衛星軌道投入ロケット「ZERO」は“みんな”で開発、MOMO2号機の失敗が教訓に:宇宙開発(1/2 ページ)
ロケット開発ベンチャーのインターステラテクノロジズ(IST)が、観測ロケット「MOMO」の開発状況を報告するとともに、衛星軌道投入ロケット「ZERO」の開発に向けた事業体制について発表した。
インターステラテクノロジズが打ち上げを予定している「ZERO」(左)と「MOMO3号機」(右)のミニチュア。1段式ロケットであるMOMOの全長10mに対して、1段式ロケットのZEROは全長22mになる(クリックで拡大)
ロケット開発ベンチャーのインターステラテクノロジズ(以下、IST)は2019年3月19日、東京都内で会見を開き、観測ロケット「MOMO」の開発状況を報告するとともに、衛星軌道投入ロケット「ZERO」の開発に向けた事業体制について発表した。2018年6月に行ったMOMO2号機の打ち上げ実験失敗の原因分析と問題解決に向けた地上実験を終えたことから、MOMO3号機の打ち上げを「2018年内のできるだけ早い段階」(IST 代表取締役 CEOの稲川貴大氏)で行う。MOMOよりも開発難易度が高いZEROについては、IST単独で開発を行うのではなく、丸紅や宇宙航空研究開発機構(JAXA)など8つの企業や団体が参画するサポートチーム「みんなのロケットパートナーズ」とともに進め、2023年の打ち上げを目指す。
会見に登壇したIST ファウンダーの堀江貴文氏は「MOMO2号機で発生した問題の原因を究明し、リハーサルともいえる改善を図ったシステムでのテストも完了した。まだ正確な時期は決まっていないが、MOMO3号機の打ち上げに向けた準備は整っている」と語る。
MOMO2号機における打ち上げ実験失敗は、新規要素の姿勢制御用スラスター燃焼器が設定範囲外で動作したことが原因だった。これにより姿勢制御用ガス温度が設計値を上回り配管が溶融、漏れた高温ガスバルブ駆動系配管を焼損し、これを検知した安全システムが働いてエンジンが停止、墜落に至った。ISTは「この2号機の失敗を省みて、外部の有識者によるアドバイスも得ることにした」(井川氏)として、2018年10月には三菱重工業やJAXAなどでロケット開発に関わった技術者が参画する外部原因対策委員会を設立している。
その上で、ロケットを固定した状態で、準衛星軌道まで到達するのに必要な120秒間のエンジン燃焼を行う縦吹き燃焼実験(CFT)を実施し、実際の打ち上げでは用いないさまざまなセンサーからのデータを取得するなどして健全性を確認。これを受けて、MOMO3号機の打ち上げが決定した。
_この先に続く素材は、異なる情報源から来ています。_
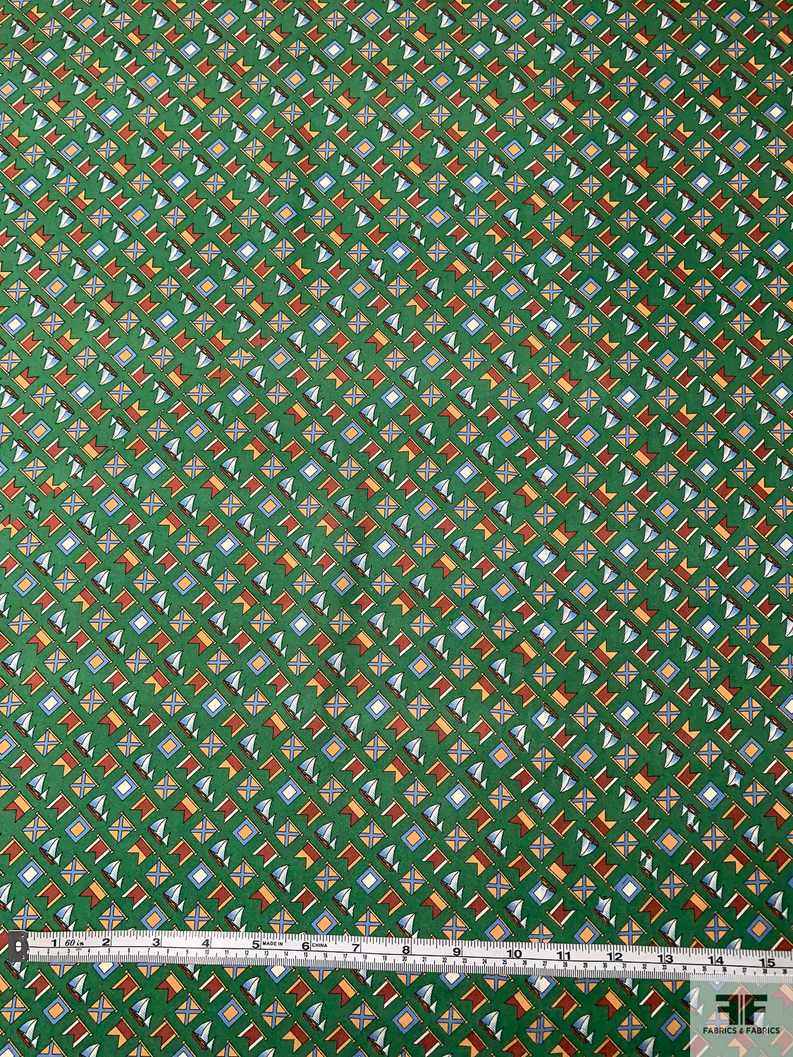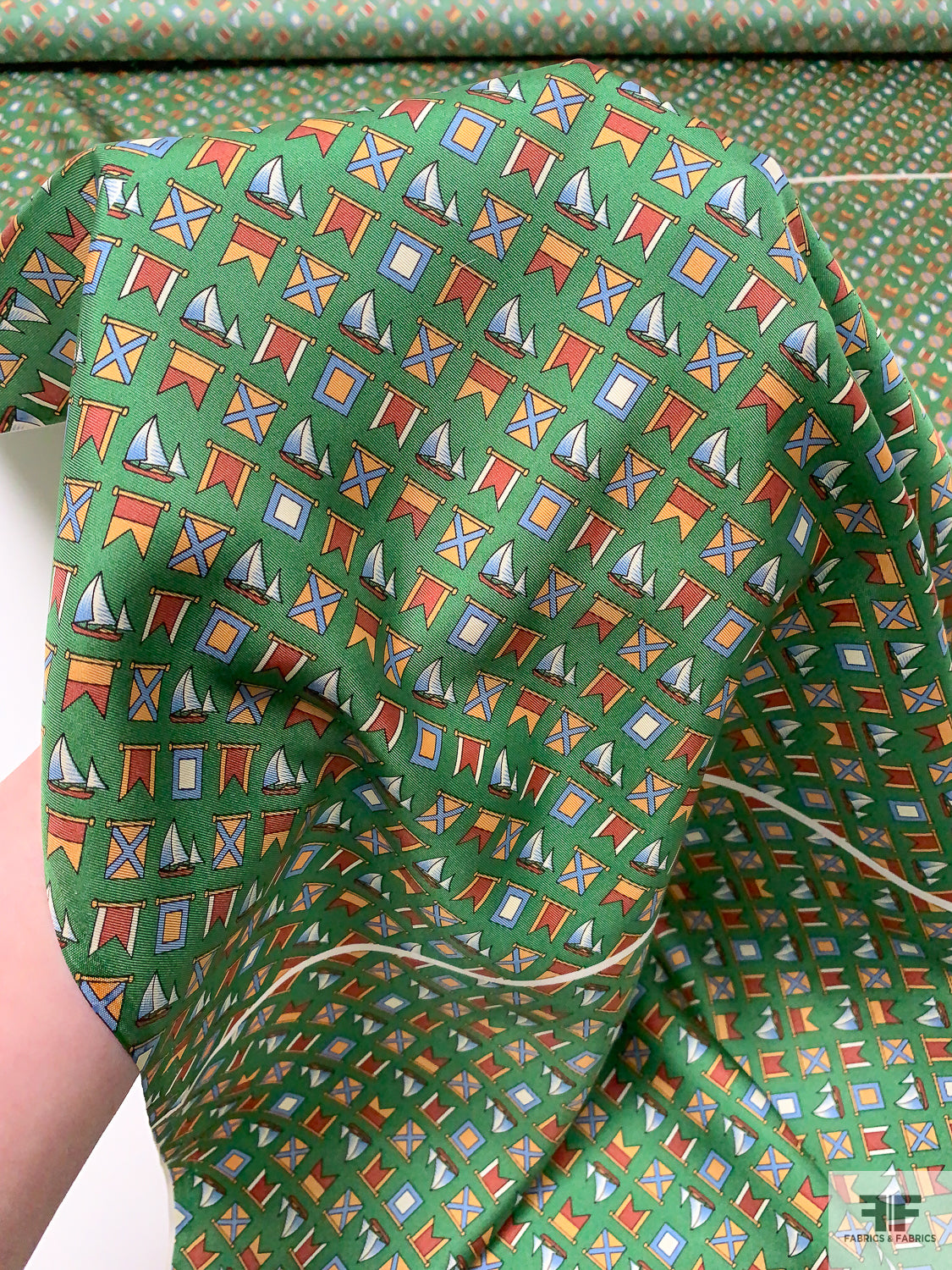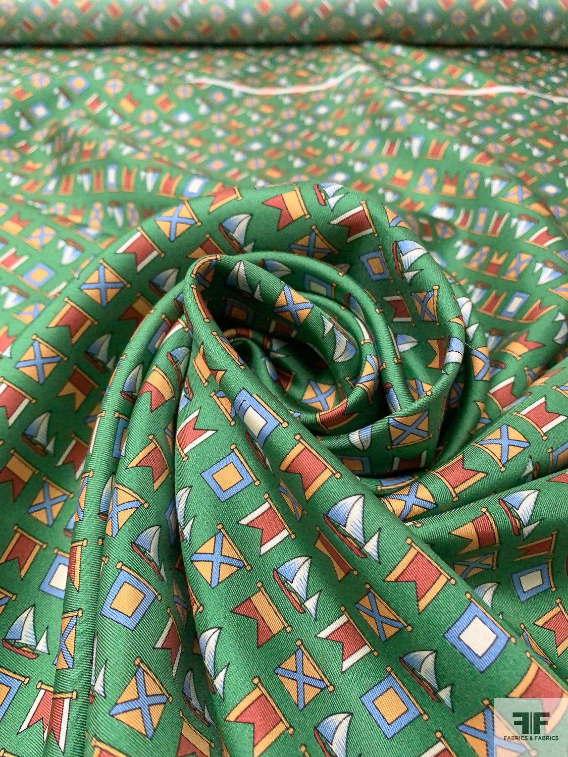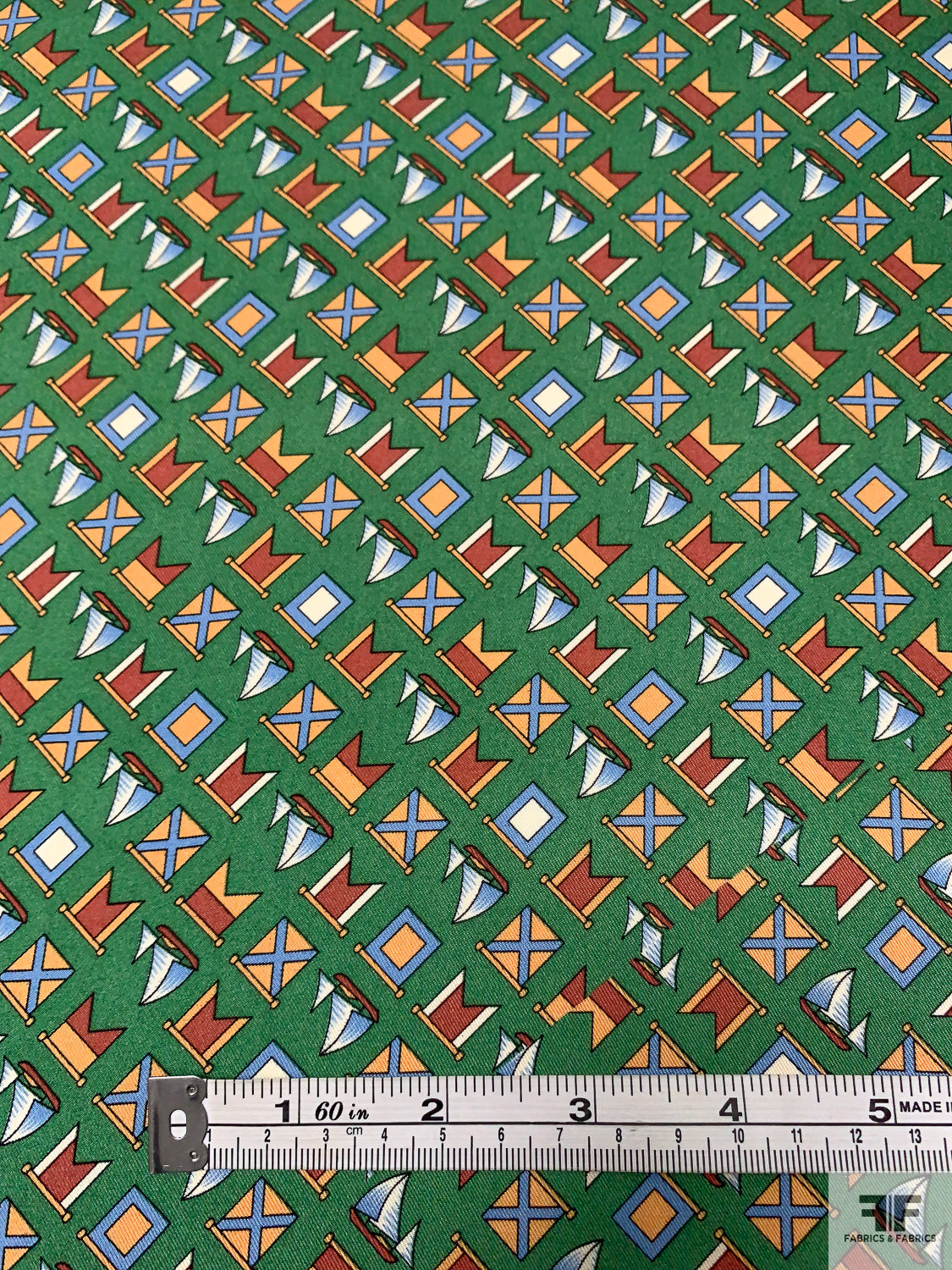 Nautical Flags Printed Fine Silk Twill Panel - Fern Green / Nude Orange / Burnt Coral

なおMOMO3号機は、実業家の丹下大氏、投資運用会社のレオス・キャピタルワークス、
日本創生投資がスポンサーになっている。IT企業であるSHIFTの社長だが、今回は個人としてスポンサーに名乗りを上げた丹下氏は命名権を取得。MOMO3号機の名称を「宇宙品質にシフト MOMO3号機」としている。
これまでと同様に北海道大樹町で行われるMOMO3号機の打ち上げ実験が成功すれば、ISTは観測ロケットの商用化を進めて行く考えだ。